The input>

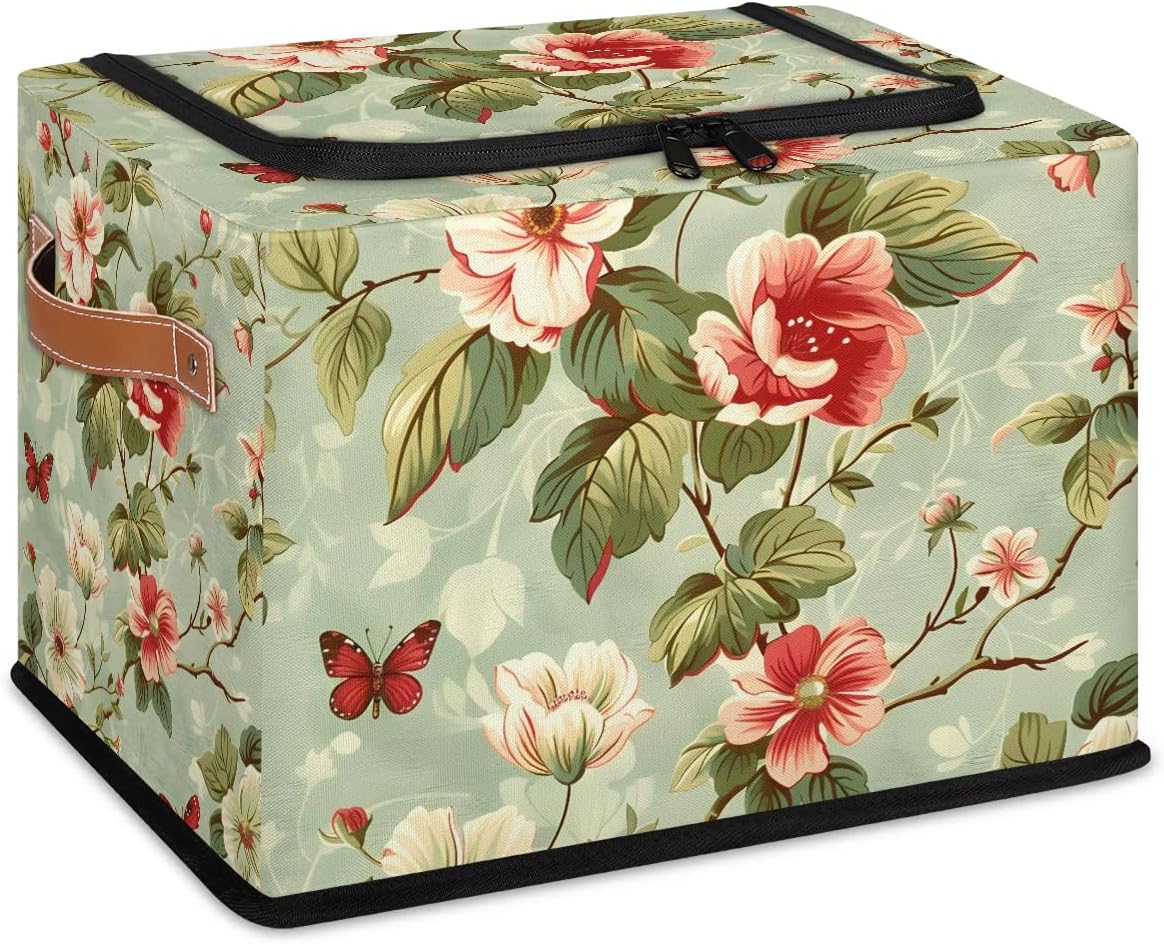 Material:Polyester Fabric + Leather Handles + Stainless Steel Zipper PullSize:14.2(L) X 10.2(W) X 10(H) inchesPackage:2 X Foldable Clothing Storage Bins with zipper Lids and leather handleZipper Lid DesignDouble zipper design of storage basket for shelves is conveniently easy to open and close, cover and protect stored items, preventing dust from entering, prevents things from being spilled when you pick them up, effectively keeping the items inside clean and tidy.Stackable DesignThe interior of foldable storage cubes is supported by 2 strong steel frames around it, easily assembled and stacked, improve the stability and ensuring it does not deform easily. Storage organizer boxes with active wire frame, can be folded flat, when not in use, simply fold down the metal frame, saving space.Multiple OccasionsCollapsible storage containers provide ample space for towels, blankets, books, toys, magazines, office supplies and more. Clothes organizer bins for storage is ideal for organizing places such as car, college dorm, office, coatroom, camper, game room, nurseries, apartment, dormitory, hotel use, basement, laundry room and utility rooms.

--

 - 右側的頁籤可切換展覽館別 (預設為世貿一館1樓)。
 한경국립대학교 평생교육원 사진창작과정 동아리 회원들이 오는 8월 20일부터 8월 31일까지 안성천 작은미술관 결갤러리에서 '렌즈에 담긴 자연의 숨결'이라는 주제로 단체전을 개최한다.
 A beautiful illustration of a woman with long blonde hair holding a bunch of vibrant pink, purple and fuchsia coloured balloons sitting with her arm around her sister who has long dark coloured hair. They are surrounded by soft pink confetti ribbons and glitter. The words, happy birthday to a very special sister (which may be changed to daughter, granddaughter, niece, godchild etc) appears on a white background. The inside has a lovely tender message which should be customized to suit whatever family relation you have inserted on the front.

Prompt>
Please give back exactly the lines of the listing above that run from the one containing "- 右側的頁籤可切換展覽館別 (預設為世貿一館1樓)。" through the one containing "A beautiful illustration", and only those.

Output of the exercise>
 - 右側的頁籤可切換展覽館別 (預設為世貿一館1樓)。
 한경국립대학교 평생교육원 사진창작과정 동아리 회원들이 오는 8월 20일부터 8월 31일까지 안성천 작은미술관 결갤러리에서 '렌즈에 담긴 자연의 숨결'이라는 주제로 단체전을 개최한다.
 A beautiful illustration of a woman with long blonde hair holding a bunch of vibrant pink, purple and fuchsia coloured balloons sitting with her arm around her sister who has long dark coloured hair. They are surrounded by soft pink confetti ribbons and glitter. The words, happy birthday to a very special sister (which may be changed to daughter, granddaughter, niece, godchild etc) appears on a white background. The inside has a lovely tender message which should be customized to suit whatever family relation you have inserted on the front.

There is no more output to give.